All the World's a Stage: Ten Commandments of Roleplaying

All the World's a Stage is a source for roleplaying ideas, commentary, and discussions. It is published every Sunday evening.

WoW
Insider is not Mount Sinai, and I am certainly not the Burning Bush, but there is a need for a clear, concise list of "do's and don'ts" which new and experienced roleplayers can refer to in times of need. I therefore submit the following commandments as a guide and a reference to roleplayers throughout the World of Warcraft.

Obviously the list of essential rules I lay out here will be different from a list you might make, but hopefully the basic ideas remain the same. In addition, being as I am hardly a prophet of the Almighty, I reserve the right to edit these commandments over time as times change and new insights emerge.

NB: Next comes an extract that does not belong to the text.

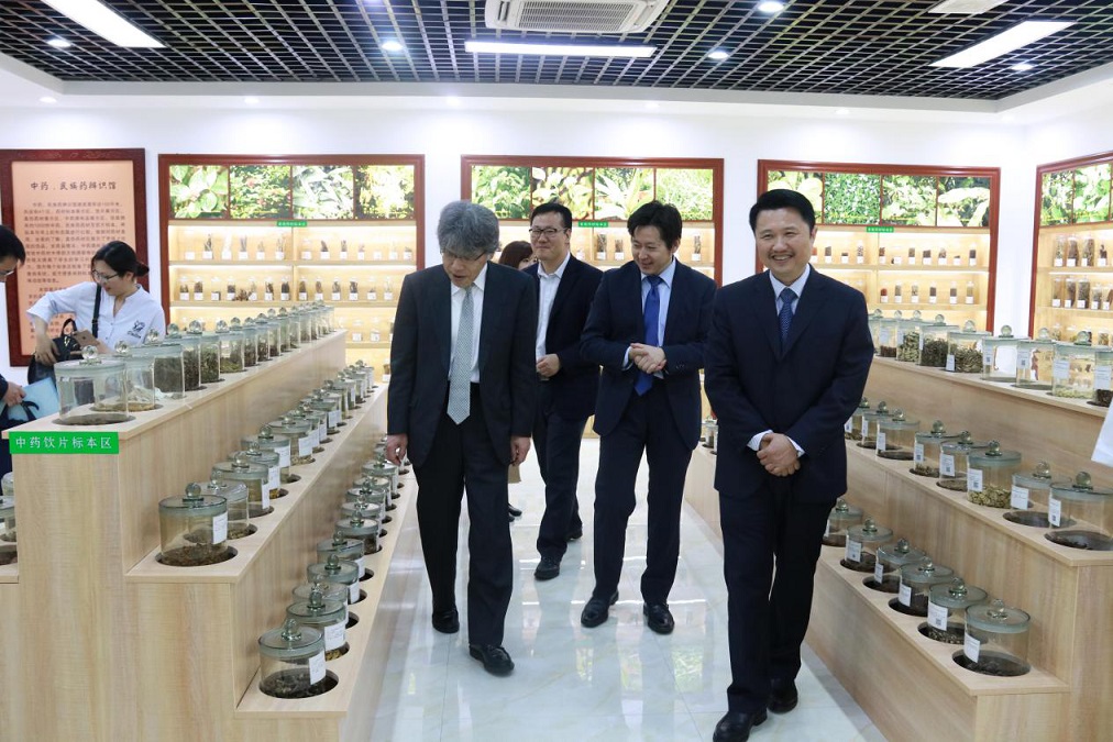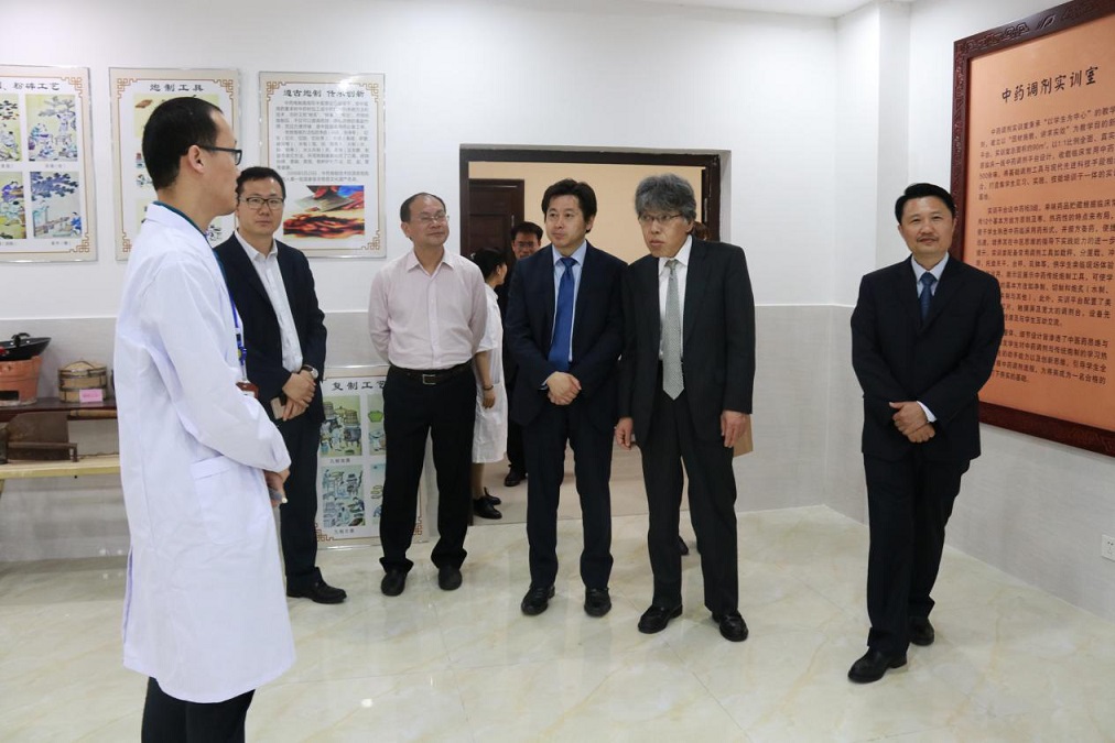 在庞宇舟的陪同下,柴原直利一行还实地考察了药学院中药(民族药)资源与辨识实训平台、中药炮制实训中心、GMP车间、壮医药成果展以广西中医药科学实验中心等。

1. Thou shalt not play God.

You only have control over the actions of your own character. When roleplaying with others, you must never ever use an emote or action which denies others the right to choose their own actions in response to yours. For example: "Moosis glares with white hot anger at Faro" is acceptable; "Moosis glares so intensely that Faro's face melts" is not. Whether or not two people's characters are fighting with each other, their act of roleplaying itself is essentially cooperative -- even in a battle of emotes, both players must work together to tell the story in an interesting way, neither one presuming what the other will do.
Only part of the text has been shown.